For what it’s worth, I would call this a factor analysis instead of a PCA because it involves a multivariate normal model, whereas PCA is typically a matrix algorithm without a likelihood.

2 Likes

You were right… It’s better to test different values of this parameter

I did it and it also helps

I should mention that I was commenting out two of the three alternatives when compiling the Stan code

Thanks a lot, I definitely will read the post thoroughly

You are right, if I marginalize out \mathbf{z}_{n} I get the marginal distribution you wrote. Nevertheless, if I’m not wrong, Stan needs the conditional distribution of \mathbf{y}_{n} not the marginal distribution of \mathbf{y}_{n}.

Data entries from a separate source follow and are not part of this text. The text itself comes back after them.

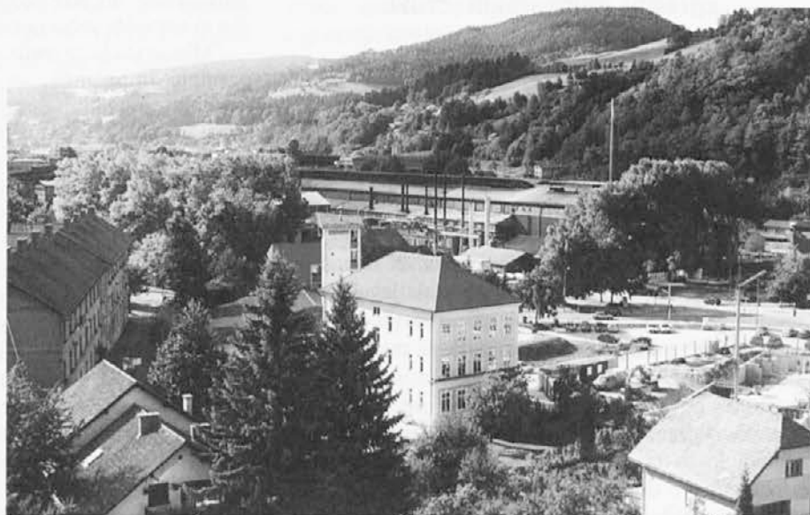
"Klasična razglednica" s Čečovja z železarno v ozadju

Krebsova je na kratko povzela, zakaj je do odločitve za sanacijo sploh prišlo. Proces se je začel že v 90. letih, ko je sistem s 14.000 zaposlenimi zabredel v najhujšo krizo dotlej. Vlada se je po zahodnoevropskih vzorcih odločila za njegovo poddržavljanje, sanacijo in privatizacijo, s čimer naj bi ga usposobila za uspešno nastopanje na tujih trgih in ohranila čim več delovnih mest. Iz poročila o sanaciji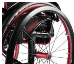
NSW070211 Aros Surge®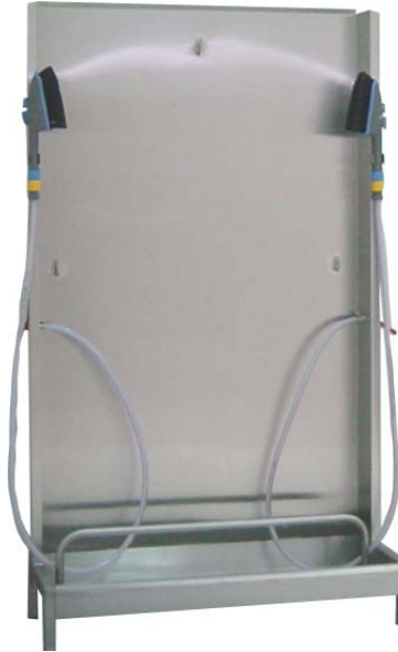
Schürzen- und Stiefelreinigung BxTxH: 1100 x 420 x 1800 mm Verschiedene Modelle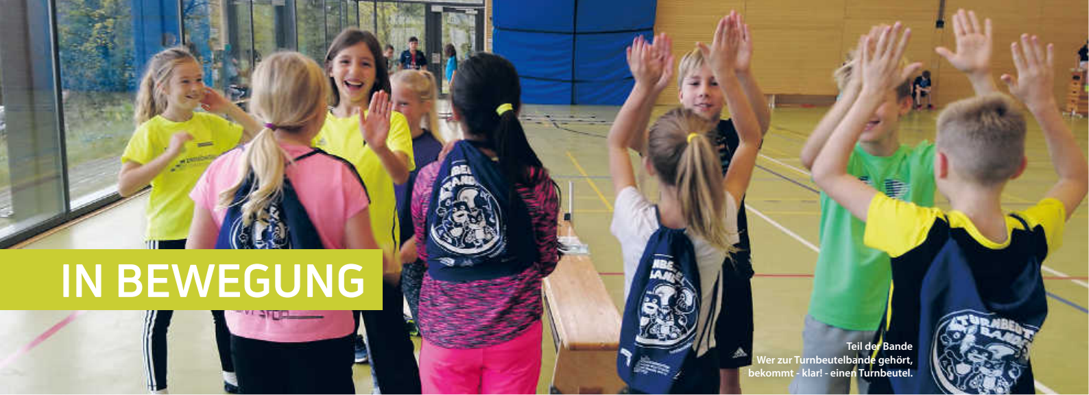
Teil der Bande Wer zur Turnbeutelbande gehört, bekommt - klar! - einen Turnbeutel.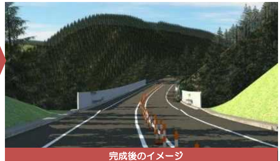
完成後のイメージ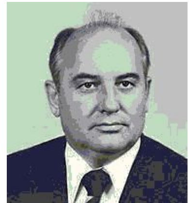
Генсек ЦК КПСС 1985-1991, Президент СССР 1990-1991 М.С.Горбачев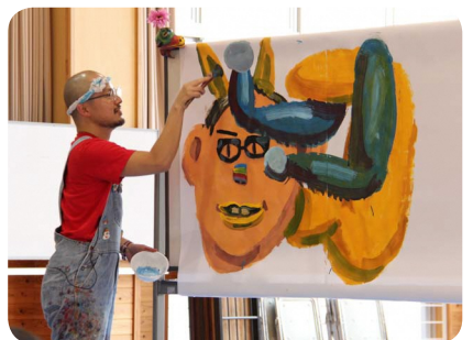
▲子どもたちが描いた絵を仕上げます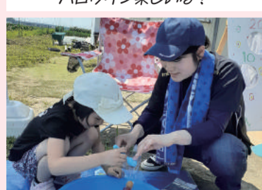
キラキラ夏野菜マルシェ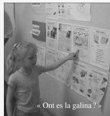
« Ont es la galina ? »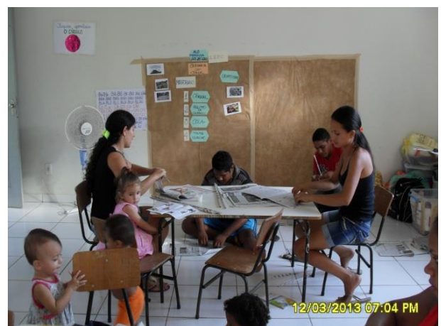
Foto 13-22: Moradores produzindo as cestas de jornal. Pequizeiro. Locação 13-14. Santa Inês.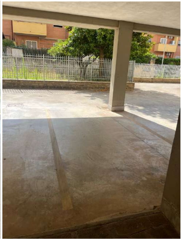
Foto 5 e 6 Androne di ingresso scala B e posto auto int.9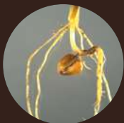
Фузариозная корневая гниль ( Fusarium spp.)

Почвенные патогены, семенные инфекции и подземные насекомые-вредители — основные угрозы для состояния корней. Минимальная обработка почвы, орошение, короткие севообороты, выращивание монокультур провоцируют распространение болезней.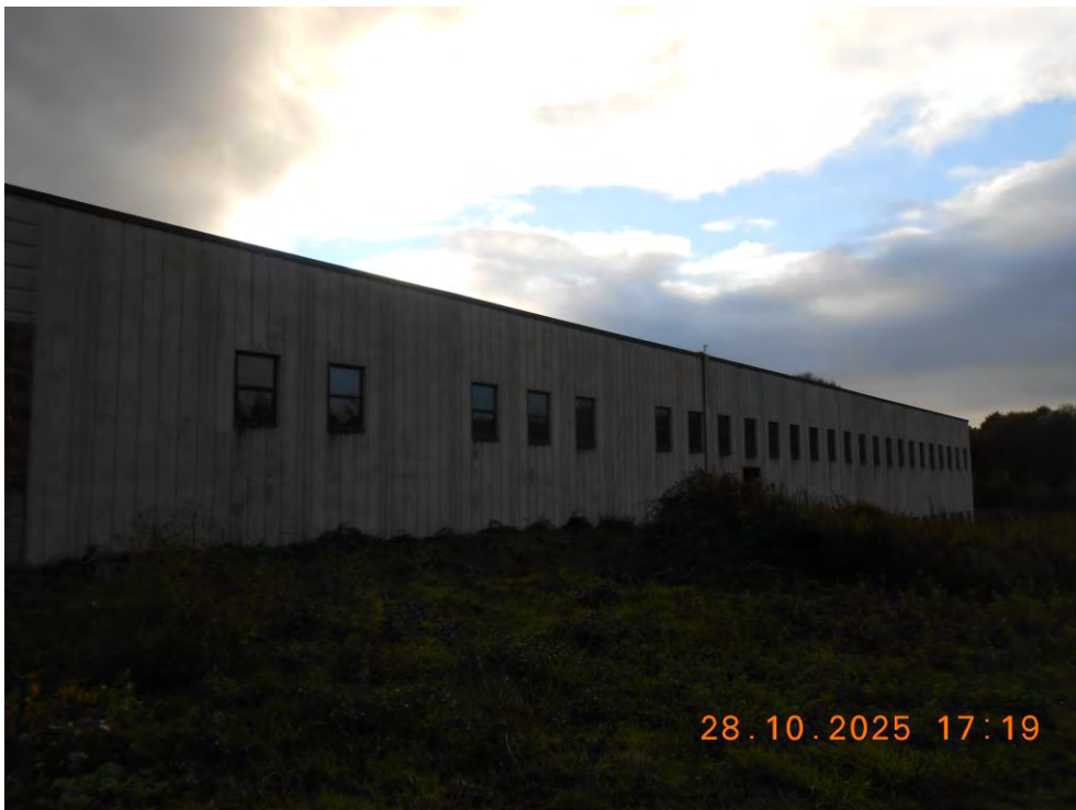
Foto n. 2 Prospetto nord-est

The conditional distribution \mathbf{z}_{n} given \mathbf{y}_{n} assumes that \mathbf{W} is given. Within the Bayesian approach, \mathbf{W} is also a matrix of random variables.

1 Like

Thanks a lot @avehtari and @edm for your comments and suggestions - they were really useful for better understanding my model.

I’ve have implemented a Bayesian PCA from scratch to test reduce_sum, which allowed me to progress on finding a more efficient way to implement within-chain parallelization in the model. I’ll post it today.

1 Like

I would be wiling to bet a beer that you will obtain the same posterior distribution regardless of whether you use marginal or conditional likelihood.

About \mathbf{W} being given: in generated quantities, \mathbf{W} has already been sampled so is basically given (the “given” just changes at each iteration). Sampling \mathbf{z} in generated quantities is like a Gibbs sampling step.

1 Like

This a good exercise… Even better if there is a beer in play :)
I’ll try this out once I finish the implementation of the within-chain parallelization via reduce_sum

I see your point… I consider it’s worth trying this approach. As I mentioned above, I’ll try this out.